Mit der Genius-Funktion wird zu abgespielten Liedern weitere ähnlich klingende Musikstücke empfohlen, „bahnbrechend neu“ wie Apple behauptet, ist die Funktion aber bei Weitem nicht- in Musikportalen wie zum Beispiel last.fm gibt es eine ähnliche Funktion schon lange.
27. September 2008 um 14:02
1. Es heisst Apple und nicht „Aplle“ O_o.

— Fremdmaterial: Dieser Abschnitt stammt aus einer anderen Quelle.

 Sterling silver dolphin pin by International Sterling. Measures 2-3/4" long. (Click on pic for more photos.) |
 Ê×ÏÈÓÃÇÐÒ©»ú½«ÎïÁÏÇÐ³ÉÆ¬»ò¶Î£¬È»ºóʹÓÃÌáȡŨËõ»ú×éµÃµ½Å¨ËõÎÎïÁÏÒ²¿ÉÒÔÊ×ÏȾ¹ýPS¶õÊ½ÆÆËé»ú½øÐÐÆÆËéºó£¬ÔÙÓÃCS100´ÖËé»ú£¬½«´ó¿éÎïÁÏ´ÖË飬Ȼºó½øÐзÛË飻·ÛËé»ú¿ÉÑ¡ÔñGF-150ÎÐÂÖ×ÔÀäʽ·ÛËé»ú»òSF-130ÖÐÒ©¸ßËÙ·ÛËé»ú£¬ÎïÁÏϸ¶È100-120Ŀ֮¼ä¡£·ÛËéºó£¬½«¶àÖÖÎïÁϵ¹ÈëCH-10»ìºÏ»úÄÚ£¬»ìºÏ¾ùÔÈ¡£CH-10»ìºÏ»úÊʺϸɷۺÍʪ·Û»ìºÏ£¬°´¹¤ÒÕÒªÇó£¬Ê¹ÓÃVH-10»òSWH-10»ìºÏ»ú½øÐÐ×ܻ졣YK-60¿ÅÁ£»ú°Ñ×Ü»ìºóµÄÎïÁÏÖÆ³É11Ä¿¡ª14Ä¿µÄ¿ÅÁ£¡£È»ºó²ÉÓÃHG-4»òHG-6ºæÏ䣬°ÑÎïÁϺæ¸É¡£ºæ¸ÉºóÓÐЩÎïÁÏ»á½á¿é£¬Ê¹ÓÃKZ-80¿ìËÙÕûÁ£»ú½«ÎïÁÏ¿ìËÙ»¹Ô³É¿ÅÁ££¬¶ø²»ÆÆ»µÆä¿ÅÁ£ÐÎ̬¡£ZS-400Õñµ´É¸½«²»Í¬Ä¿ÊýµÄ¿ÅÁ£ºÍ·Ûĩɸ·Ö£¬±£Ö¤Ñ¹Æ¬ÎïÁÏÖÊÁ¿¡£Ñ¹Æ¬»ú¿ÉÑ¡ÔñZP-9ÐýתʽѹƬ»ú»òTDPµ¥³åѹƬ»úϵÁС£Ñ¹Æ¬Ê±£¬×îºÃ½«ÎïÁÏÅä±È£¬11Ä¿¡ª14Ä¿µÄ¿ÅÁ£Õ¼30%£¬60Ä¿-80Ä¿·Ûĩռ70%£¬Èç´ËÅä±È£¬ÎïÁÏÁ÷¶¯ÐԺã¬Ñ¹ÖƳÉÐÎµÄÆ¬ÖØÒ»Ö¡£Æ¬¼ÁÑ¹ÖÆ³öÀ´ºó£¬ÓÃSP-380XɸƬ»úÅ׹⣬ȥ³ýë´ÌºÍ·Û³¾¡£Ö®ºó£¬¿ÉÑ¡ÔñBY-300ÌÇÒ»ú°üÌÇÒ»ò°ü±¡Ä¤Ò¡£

2. Es werden nur die benötigen Informationen gesendet, die der Server brauch, um die Liste zusammenzustellen (wie soll er die Liste nach deinem Geschmack zusammenstellen wenn er nicht weiss was du hörst O.o). Gleich wieder mit „omg, Datenschutz, Privatsphäre, Spionage..“ zu kommen ist mal wieder übetrieben O_o (genau wie beim Thema Google).
27. September 2008 um 14:28
danke fürs aufmerksame durchlesen.
punkt 1 kann ich ohne probs abändern … aber beim zweiten gehen die meinungen halt stark auseinander … für mich ist der google browser nur eine datensammelnde maschine, die als zusatzfunktion komfortabel im internet surfen kann.
5. Oktober 2008 um 14:10
Ich denke, solch eine Funktion hätte man ohne Probleme ohne den Datentransfer an Apple realisieren können! Vielleicht gibts ja auch nach einiger Zeit ein unabhängiges datenschutzanerkennendes Plugin..
21. Juli 2009 um 03:34
Also ich denke auch dass man das problemlos offline realisieren könnte. Im prinzip ist das ja „nur“ eine Mustererkennung. Dafür würde sich ein Künstliches Neuronales Netz (KNN) hervorragend eignen – vermutlich wird auch eines verwendet *gg*
Aber ihr müsst das auch aus wirtschaftlicher Sicht sehen – wenn man sowas schon macht ist es doch klar wenn man versucht seine Verkaufszahlen zu steigern!